New York - the city that never sleeps. The city, which today is the most densely populated city in the USA, with 8.5 million inhabitants. The city was founded by the Dutch in 1624 and was originally called New Amsterdam. The city, which was even the US capital for a while, today does not even have the status of the capital of the state in which it resides. But why worry when it is the capital of the world.
In New York, melting pot of cultures, where it is spoken through 800 languages, one feels like a tiny ant in the middle of an anthill. Sartre is about The Big Apple (a name that New York, according to one interpretation, earned in the 30s, after the great economic crisis, when they failed financiers in business suits in the city center selling stocks of apples from suburban farms) said that Mr wide avenues they make the gloriously uncontrollable, special and admirable. And if his heart is Manhattan, with all the toothpicks sticking out of it, his belly is underground railway system.
It is a city that today beats to the beat of a punk song and inspired a Czech composer at the end of the 19th century Dvořák, who dedicated his 9th symphony to him "From the New World" ("From the New World"). But we're giving you something historical facts about New York City that textbooks and travel guides have left out.
- In the 17th century, when the Dutch hit, Manhattan's shores were flooded with oysters.
- New York Harbor due to the harsh winter of 1780 frozen and people could walk between Manhattan and Staten Island.
- New York opened in 1895 the first pizzeria in the USA.
- It was invented in New York in 1857 toilet paper.
- The last one hurricane, which combed New York long and hard, wreaked havoc in 1821. Not only did the storm batter the city, Thor hammered so hard that it was flooded up to Canal Street (lower Manhattan).
- Even in 1893, New York was close to a natural disaster, but avoided the worst. But then the hurricane was wiped off the map Hog Island.
- Since 1869, there have been burials on Hart Island (off the coast of the Bronx). million people.
READ MORE: 21 unusual facts about Scotland
- In colonial times and until World War II, the city was known as ti "Moving Day" (moving day), which took place every May 1st.
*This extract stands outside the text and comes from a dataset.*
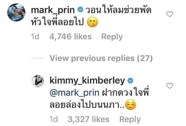 រឹតតែផ្អែម ព្រោះតែសង្សាសំណព្វចិត្តលោក Mark បានឆ្លើយតបទៅម្ចាស់ចិត្តវិញថា “សូមឲ្យខ្យល់បកយកបេះដូងបងទៅ” ធ្វើឲ្យកញ្ញា Kimberley ចូលមកបន្ថែមថា “ផ្ញើរបេះដូងមកឲ្យហោះហើរលើអាកាស”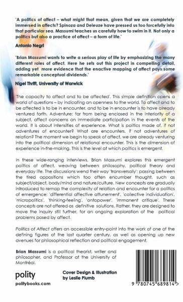 Politics of Affect offers an accessible entry-point into the work of one of the defining figures of the last quarter century, as well as opening up new avenues for philosophical reflection and political engagement.

On that day, at 9 o'clock in the morning, all tenants' leases expired at the same time, and they could change apartments at that time if they did not agree to the new conditions that February 1st set up by landlords.
- Pinball machines or arcade games were banned in New York until 1978.
- Until 1957, 27 New York post offices were connected by a 43-kilometer subway pneumatic (tube) system.
- In 1920, a horse-drawn carriage filled with explosives was blown up on Wall Street. 30 people died, but the perpetrator was never found.
- Irish pub McSorley's it did not allow women to enter until the 1970s.
- Many parks, such as Madison Square Park, Washington Square Park, Union Square Park, and Bryant Park, once were cemeteries.
- Times Square was originally called Longacre Square, and got its current name in 1904, when the New York Times moved its company headquarters there.
- The city sold it in 1978 an island on the East River for everything 10 dollars.
- The Bronx Zoo in 1906, in addition to the monkeys, he also placed an African in the monkey house.
- In 2010, it was just 38% calls to the emergency number (911) the result of "pocket dialing/calling"
- November 28, 2012 there were none reported in New York violent act or crime. Unfortunately, such days are as rare as diamonds there.